From: "zhen.ni" <zhen.ni@easystack.cn>
To: SeongJae Park <sj@kernel.org>
Cc: akpm@linux-foundation.org, vbabka@kernel.org, surenb@google.com,
mhocko@suse.com, jackmanb@google.com, hannes@cmpxchg.org,
ziy@nvidia.com, linux-mm@kvack.org, linux-kernel@vger.kernel.org
Subject: Re: [PATCH v3 3/4] mm/page_owner: add NUMA node filter with nodelist support
Date: Thu, 30 Apr 2026 11:56:33 +0800 [thread overview]
Message-ID: <f2d8be6b-d19d-402d-ab53-b40639c66146@easystack.cn> (raw)
In-Reply-To: <20260429145645.80675-1-sj@kernel.org>
在 2026/4/29 22:56, SeongJae Park 写道:
> On Wed, 29 Apr 2026 17:03:56 +0800 "zhen.ni" <zhen.ni@easystack.cn> wrote:
>
>>
>>
>> 在 2026/4/29 09:28, SeongJae Park 写道:
>>> On Tue, 28 Apr 2026 15:11:11 +0800 Zhen Ni <zhen.ni@easystack.cn> wrote:
> [...]
>>>> @@ -685,6 +685,7 @@ read_page_owner(struct file *file, char __user *buf, size_t count, loff_t *ppos)
>>>> struct page_ext *page_ext;
>>>> struct page_owner *page_owner;
>>>> depot_stack_handle_t handle;
>>>> + nodemask_t mask;
>>>>
>>>> if (!static_branch_unlikely(&page_owner_inited))
>>>> return -EINVAL;
>>>> @@ -698,6 +699,8 @@ read_page_owner(struct file *file, char __user *buf, size_t count, loff_t *ppos)
>>>> while (!pfn_valid(pfn) && (pfn & (MAX_ORDER_NR_PAGES - 1)) != 0)
>>>> pfn++;
>>>>
>>>> + mask = owner_filter.nid_mask;
>>>> +
>>>
>>> READ_ONCE() was used for owner_filter.print_mode.

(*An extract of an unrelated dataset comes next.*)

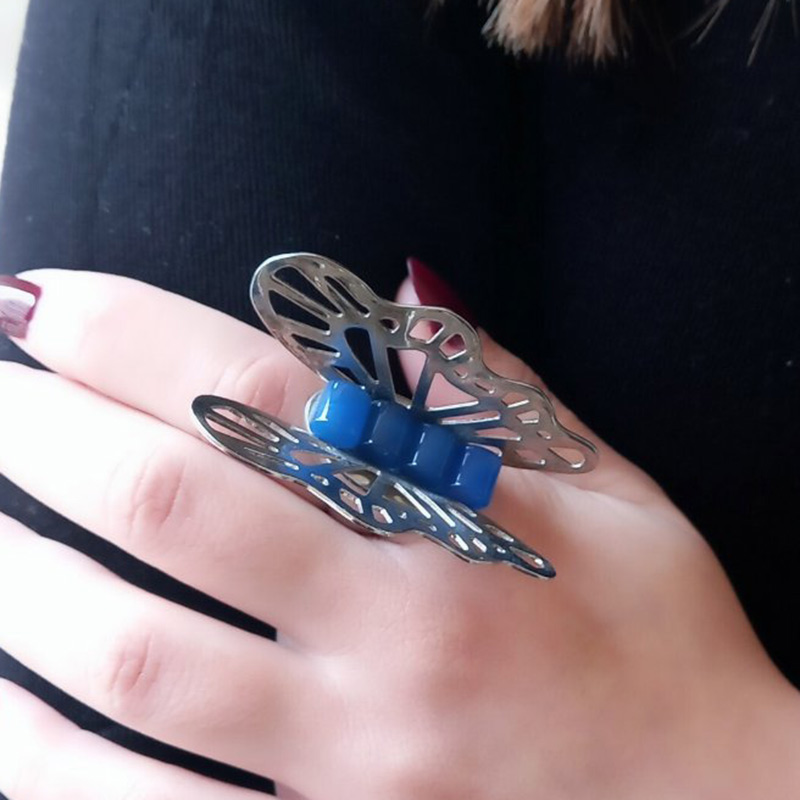 Δαχτυλίδι από ασήμι 925, σε νούμερο 18, μοναδική, χειροποίητη κατασκευή. Διακοσμείται από πεταλούδα με πέτρες αχάτη μπλε χρώματος. Η κατασκευή των φτερών είναι ξεχωριστή και στηρίζεται σε ειδική υποδοχή πάνω στο δακτύλιο. Το μήκος των φτερών είναι 5,5 cm και το άνοιγμά τους 3,5 cm.

Should nid_mask also read
>>> using READ_ONCE()?
>>>
>> The reason is that `owner_filter.nid_mask` is a nodemask_t, which is a
>> 128-byte structure. READ_ONCE() only supports types up to 8 bytes and
>> will trigger a compile-time assertion failure for larger structures.
>>
>> This was actually an issue in v2 - the AI review tool (sashiko.dev) and
>> Andrew both caught the compilation error with READ_ONCE/WRITE_ONCE on
>> nodemask_t, so v3 removed them.
>
> Thank you for kindly sharing the context. Now I understand why READ_ONCE()
> cannot be used. But, is plain load/store safe enough for nodemask_t?
> Shouldn't it still be protected against races?
>
Concurrency Safety:
I considered spinlock and RCU, but decided against them:
- Spinlock: Adds overhead on every read, overkill for a debug facility
- RCU: Requires dynamic allocation of 128-byte nodemask_t, too complex
- READ_ONCE/WRITE_ONCE: Not possible, exceeds 8-byte limit
Plain load/store is safe here because:
1. page_owner is debug code with low-frequency filter changes
2. Worst case of torn read is temporary inconsistency in debug output
3. Similar debugfs interfaces use the same approach
The overhead of locking doesn't justify the benefit for this debug use case.
Do you think this is acceptable, or would you prefer I add locking?
> [...]
>>>> +static ssize_t nid_filter_write(struct file *file,
>>>> + const char __user *buf,
>>>> + size_t count, loff_t *ppos)
>>>> +{
>>>> + char *kbuf;
>>>> + nodemask_t mask;
>>>> + int ret;
>>>> + int val;
>>>> +
>>>> + /*
>>>> + * Limit input size to handle worst-case nodelist (all nodes).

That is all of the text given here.